Finnish academic (1935–2026)

Paul Erik Fogelberg (26 August 1935 – 25 July 2026) was a Finnish geographer and professor of geography in University of Finland. He served as the professor of geography from 1982 to 1998 and as vice rector of the university from 1992 to 1998.

==Life and career==
Paul Erik Fogelberg was born on 26 August 1935 in Pori. He studied secondary school at Svenska samskolan i Tammerfors. He graduated in mathematics in 1953. He studied more at the University of Helsinki to pursue higher education in geography. He completed his Bachelor of Arts in 1962 and Master of Arts in 1964. He earned his Licentiate of Philosophy in 1966 before getting doctoral studies in 1970.

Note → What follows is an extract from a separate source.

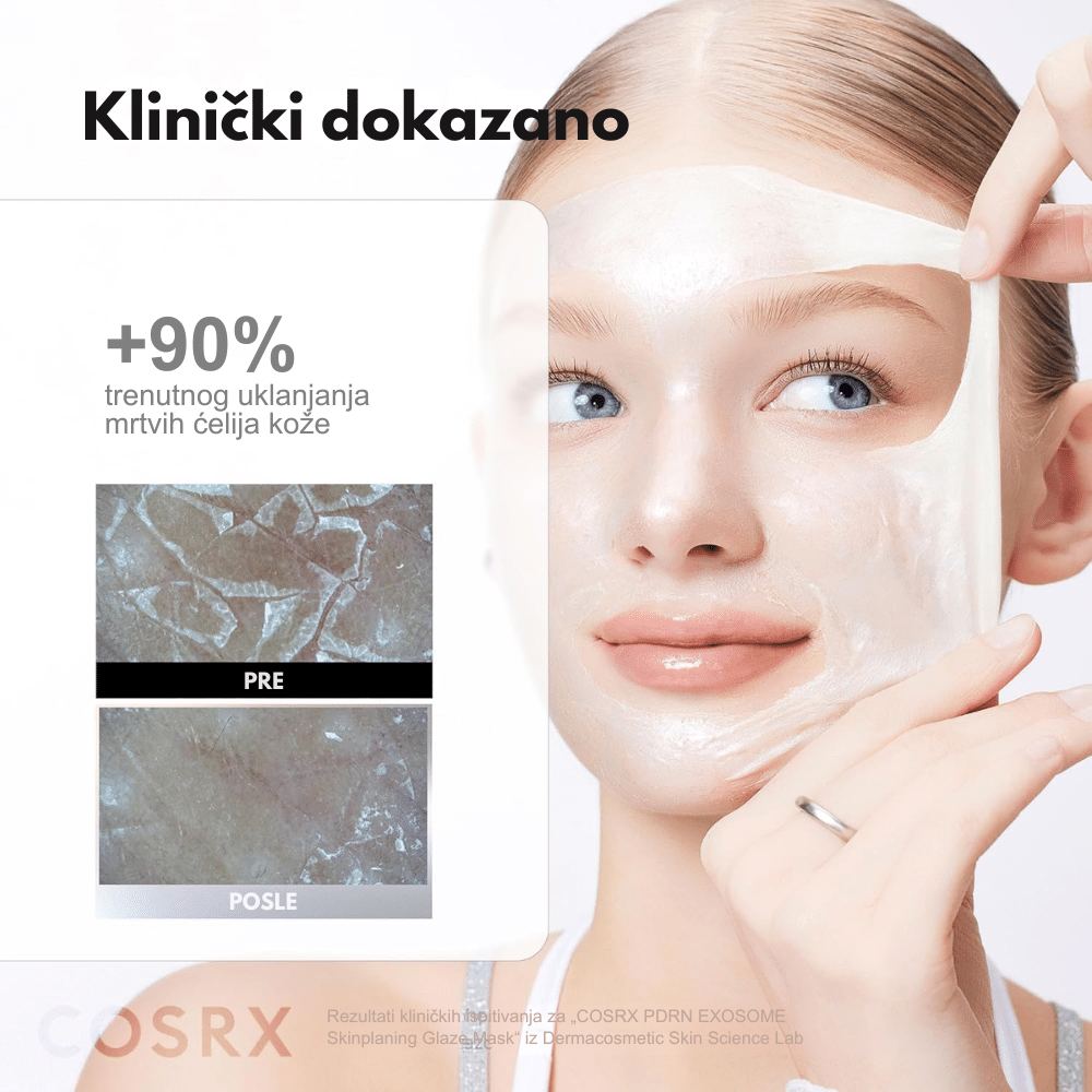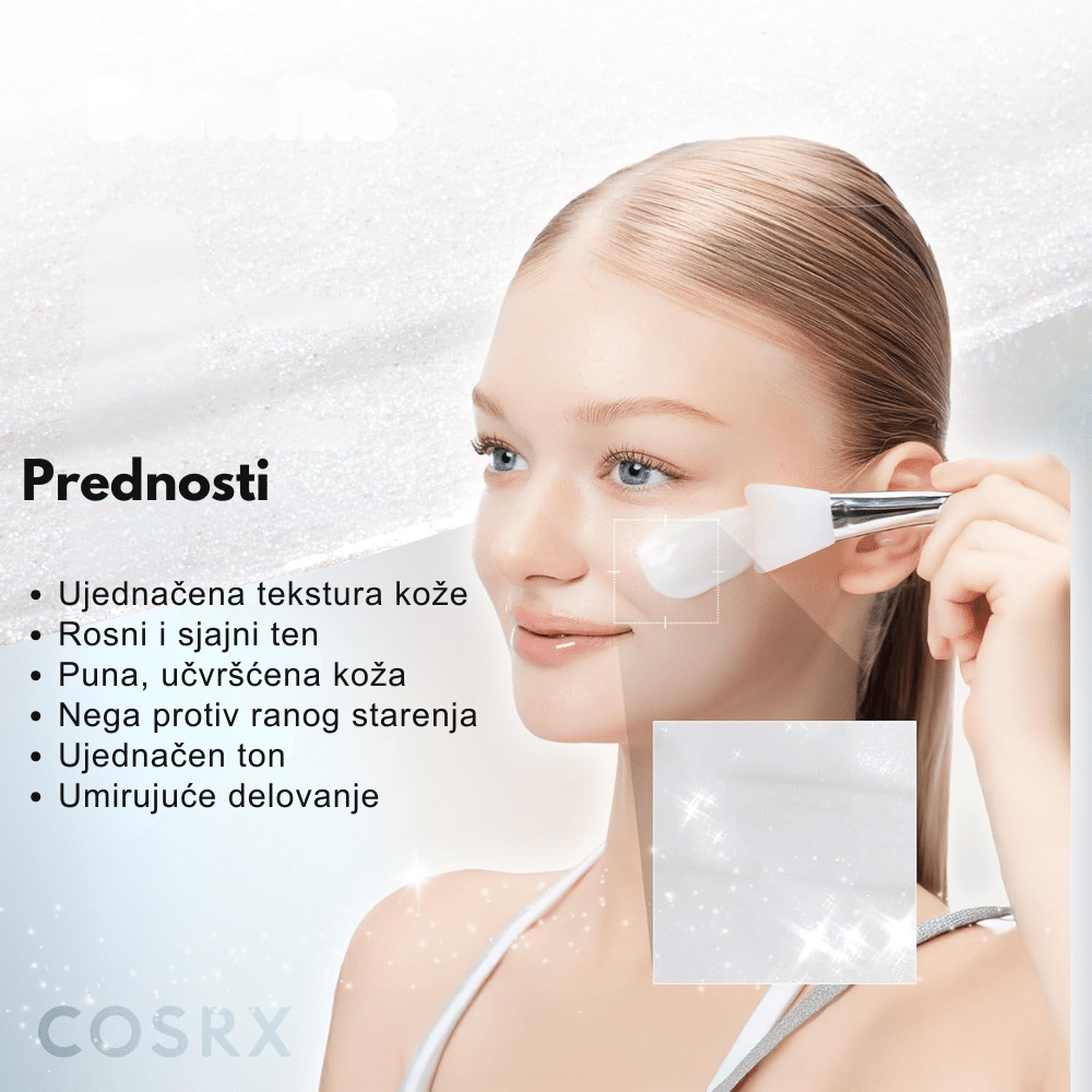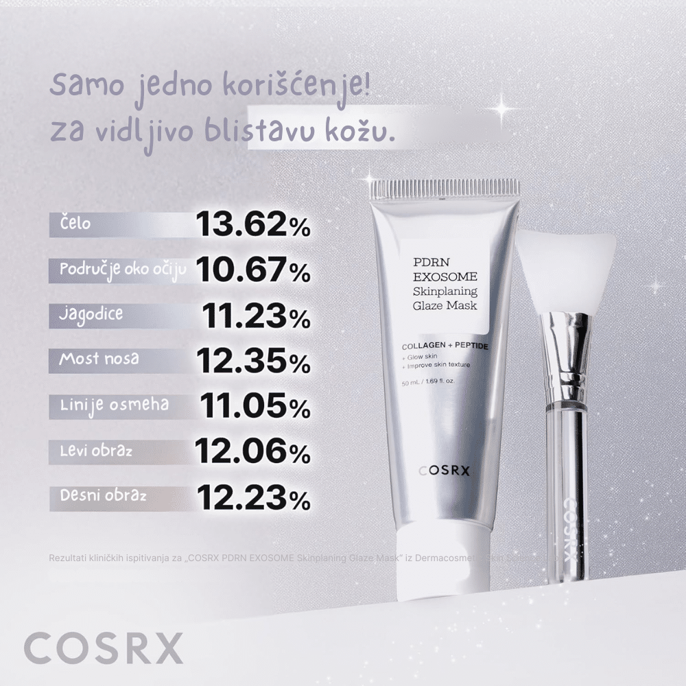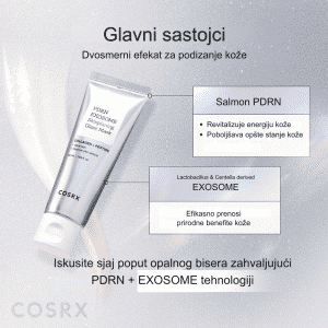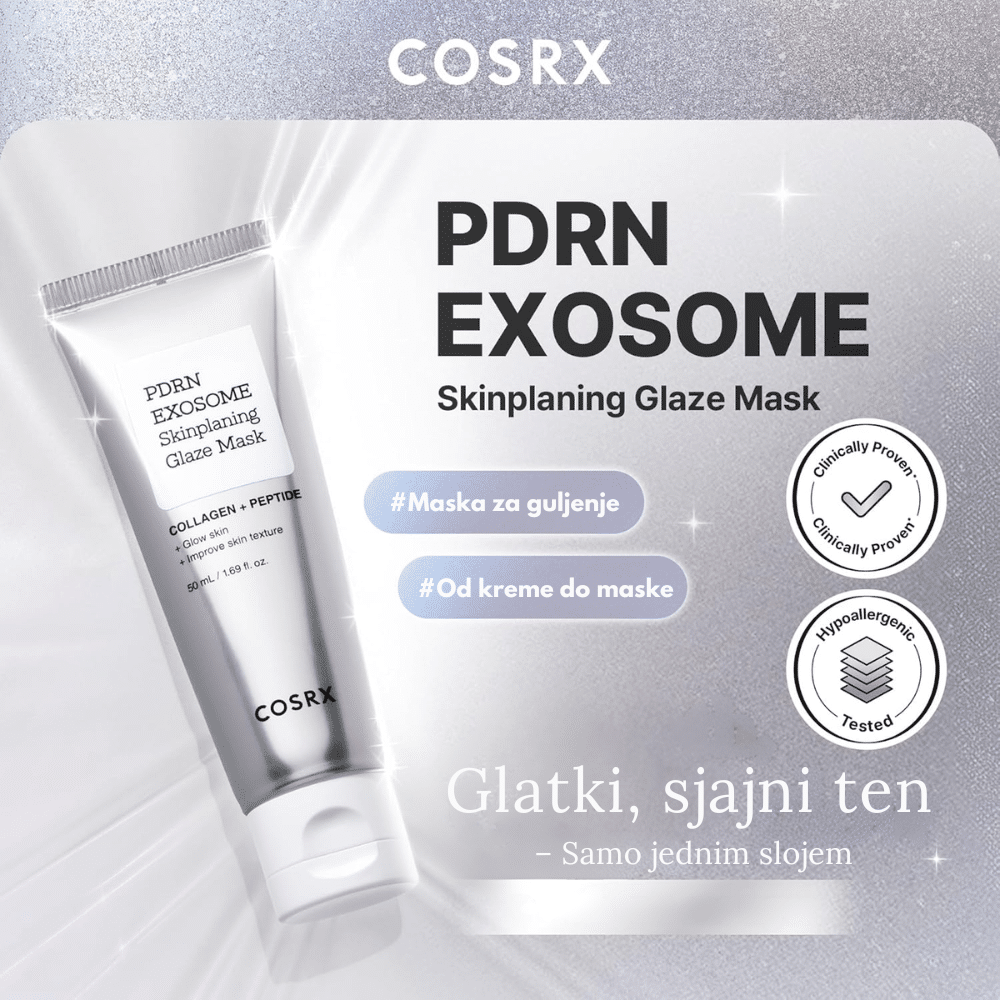 Cosrx PDRN Exosome Skinplaning Glaze Mask predstavlja revolucionarni tretman koji simulira profesionalni efekat “skinplaninga” (uklanjanja mrtvih ćelija i finih dlačica) bez mehaničke iritacije, ostavljajući kožu savršeno glatkom i blistavom. Ova inovativna maska koristi snagu biljnog PDRN-a i eksozoma kako bi dubinski regenerisala tkivo, dok njena jedinstvena “glaze” tekstura stvara zaštitni sloj koji intenzivno hidrira i “zaključava” aktivne sastojke u dermis. Formulacija je obogaćena AHA i PHA kiselinama nove generacije koje nežno uklanjaju akumulirane nečistoće i izravnavaju teksturu kože, dajući joj onaj prepoznatljivi korejski “glass skin” finiš. Idealna je za postizanje besprekornog tena pre nanošenja šminke ili kao nedeljni tretman za revitalizaciju beživotne kože kojoj je potrebna hitna obnova i sjaj. Uz redovnu upotrebu, pore postaju vidno sužene, a ton kože ujednačen i prosvetljen.

He started his academic career in University of Helsinki. In 1975, he was awarded the State Award for Public Information alongside Stig Jaatinen and Henrik Österholm for their collaborative work Skärgård i omvandling. He was elected as a member of the Finnish Society of Sciences and Letters in 1982. He served as an editor of its publication series Bidrag till kännedom av Finlands natur och folk. They honored him with its Silver Medal in 2008. He was decorated with Order of the Lion of Finland, a Knight 1st Class of the Order of the White Rose of Finland, and the State Decoration of Merit.

Fogelberg died in Vantaa on 25 July 2026, at the age of 90.